The “Elisabeth” of the title is Dr Elisabeth Kubler-Ross, a pioneer in the field of palliative care and author of On Death and Dying. The author, Dr Sue Marsden, is a retired New Zealand oncologist. In the late 1980s, after attending a Kubler-Ross workshop and training with her “E.K.R” facilitating team in New Zealand, Dr Marsden became a palliative care specialist. She facilitated self-awareness workshops in Australasia, South East Asia, USA, and Zimbabwe, and taught Palliative Medicine in hospitals, hospices and communities. Her book is essentially a series of at times viscerally raw recollections of her personal relationships with patients in palliative care and their end-of-life stories through which Marsden learnt the value and truth of Kubler-Ross’s mantra, “You need to deal with your own shit first”.

In short, the book preaches, “Self-awareness when working with people at the end of life … ” As an honest and moving account of her own journey travelled with her patients, Marsden highlights the importance of the physician – or any carer – practicing the art of “self-reflection”. Every very personal story, every encounter she relates, promotes new learnings and provoked this reader to “self-reflect” on his own stories. Some of her stories were so deeply moving I found myself choking up as they brought back hidden memories of my own raw emotions and spiritual crises which got in the way of my caring because I had not fully faced and dealt with them.
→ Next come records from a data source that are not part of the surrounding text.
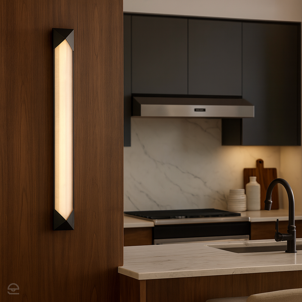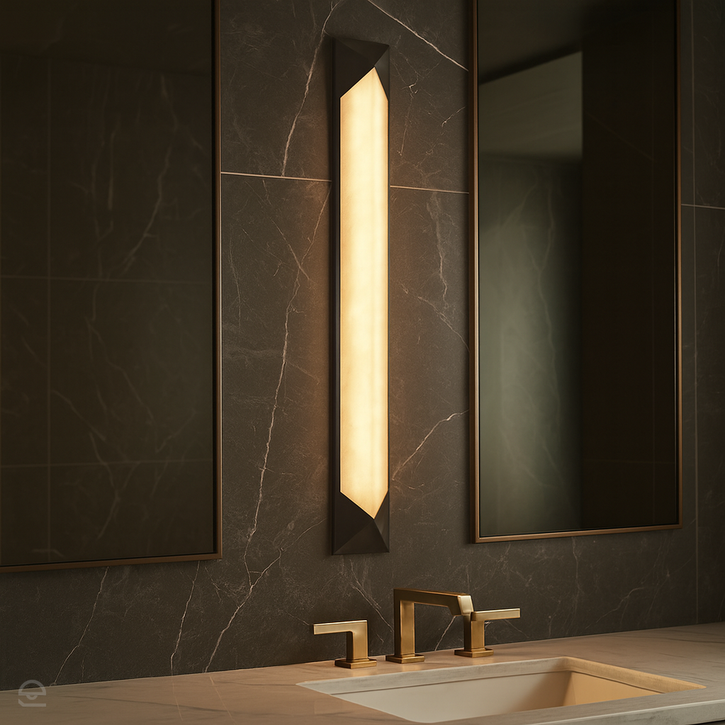 Duży kinkiet LED z kolekcji Caesar to smukła, wertykalna forma z geometrycznym akcentem. Wydłużony klosz z alabastru osadzony został między trójkątnymi detalami w wykończeniu miejski brąz. Subtelne światło przenikające przez kamień tworzy nastrojową aurę – idealną do holi, klatek schodowych lub nowoczesnych wnętrz mieszkalnych. *Alabaster cechuje się wyraźnymi różnicami w użyleniu i odcieniu – to unikalna cecha tego ponadczasowego, naturalnego materiału. Nie ma dwóch identycznych egzemplarzy.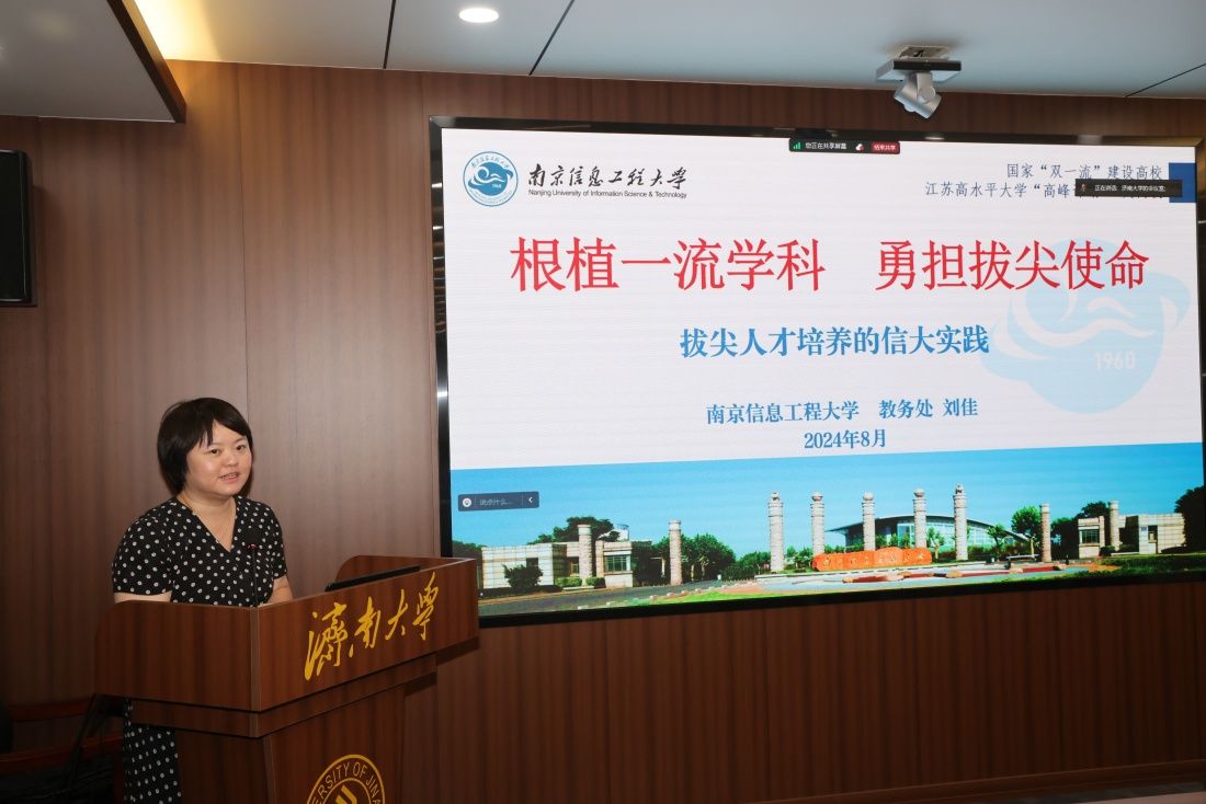刘佳以《根植一流学科 勇担拔尖使命——拔尖人才培养的信大实践》为题,详细介绍了南京信息工程大学在拔尖、创新人才培养领域的实践经验。她指出,学校通过科教融合、产教融合、国际化合作等多种途径,为学生提供了丰富的实践机会和广阔的发展平台,与腾讯、华为等知名企业的合作,通过设立特色实验班,取得了显著成果。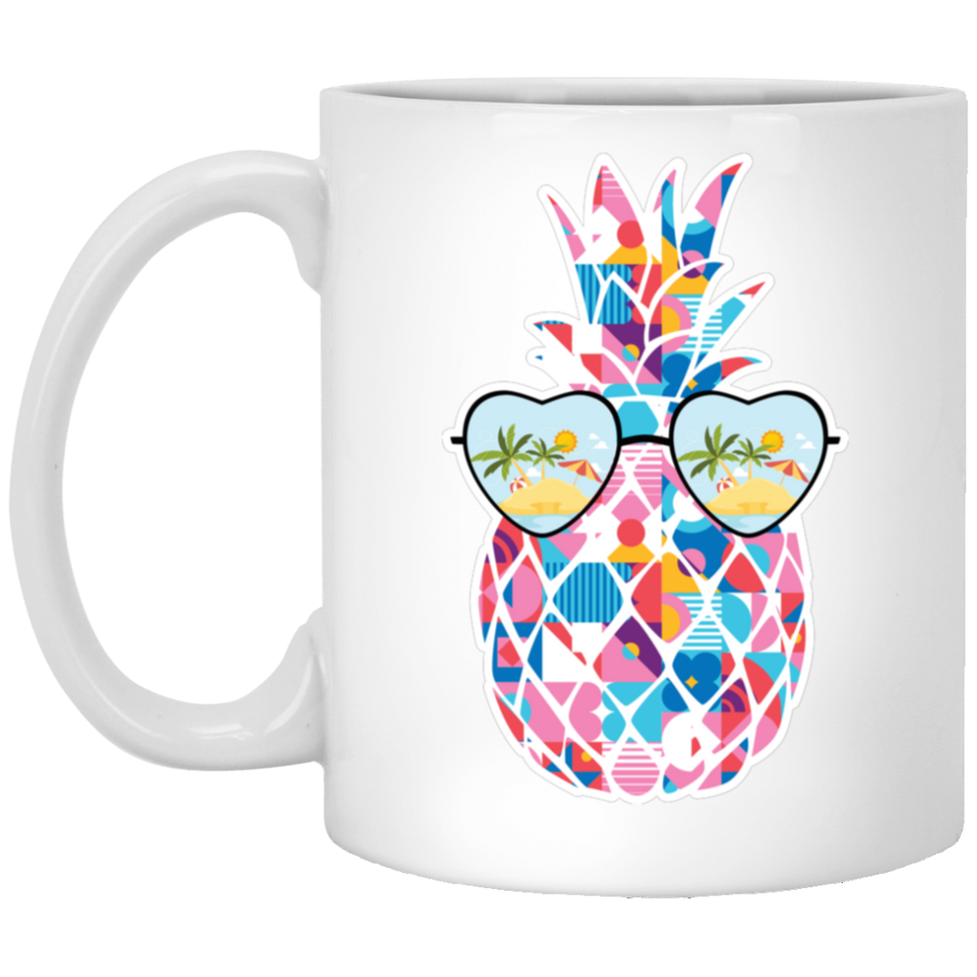 Watercolor Pineapple, Heart Sunglasses, Summer Vibes, Xmas Vibe White Mug
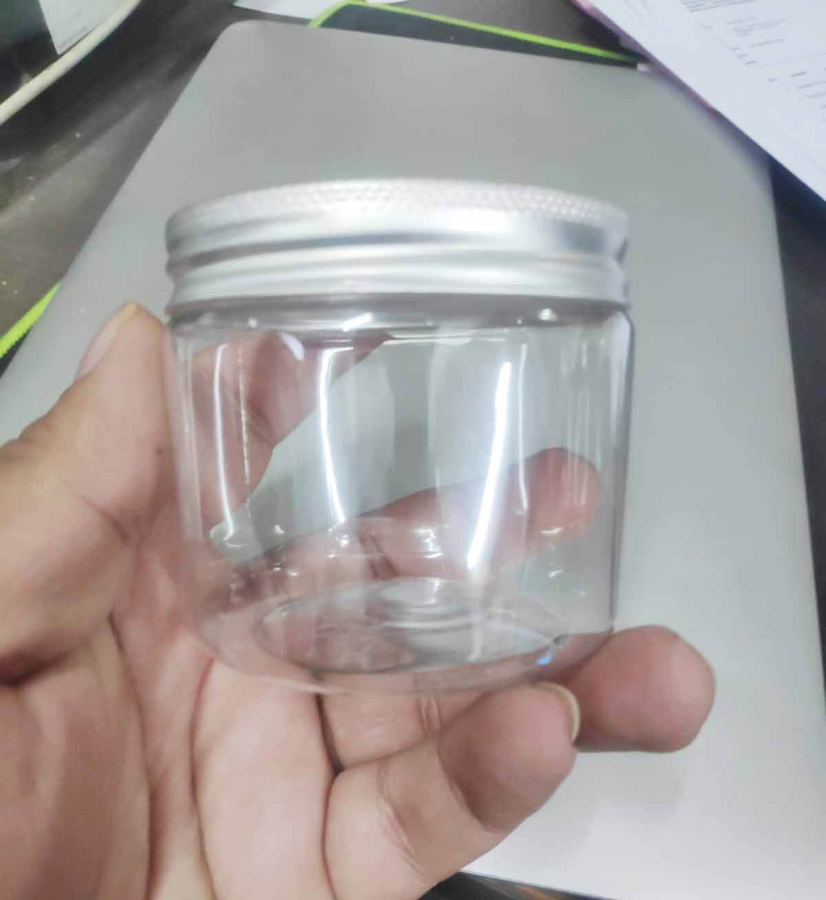 This is a 200ml plastic jar made from PET (polyethylene terephthalate) material. It is commonly used for packaging food and household items. The jar is lightweight, durable, and can be easily shaped into various forms. It is also a clear material, making it easy to see the contents inside.

With disarming honesty Marsden relates her successes and failures as doctor and patient together faced existential suffering and end-of-life issues. These encompassed all four of the “quadrant” of physical, emotional, spiritual and intellectual crises that can afflict the human person. Above all, they highlight the fundamental importance of human “connection”, of being fully present with the other, and of carer “self-care”, in order to foster meaning and hope for those who have run out of hope. The last two chapters relate practical steps for doing so.

All carers, whether medical, palliative or pastoral, in hospitals, hospices, rest homes or churches, would find much value and lots for self-reflection, from reading Dr Marsden’s stories. A stirring, engaging, beautiful little book. Highly recommended.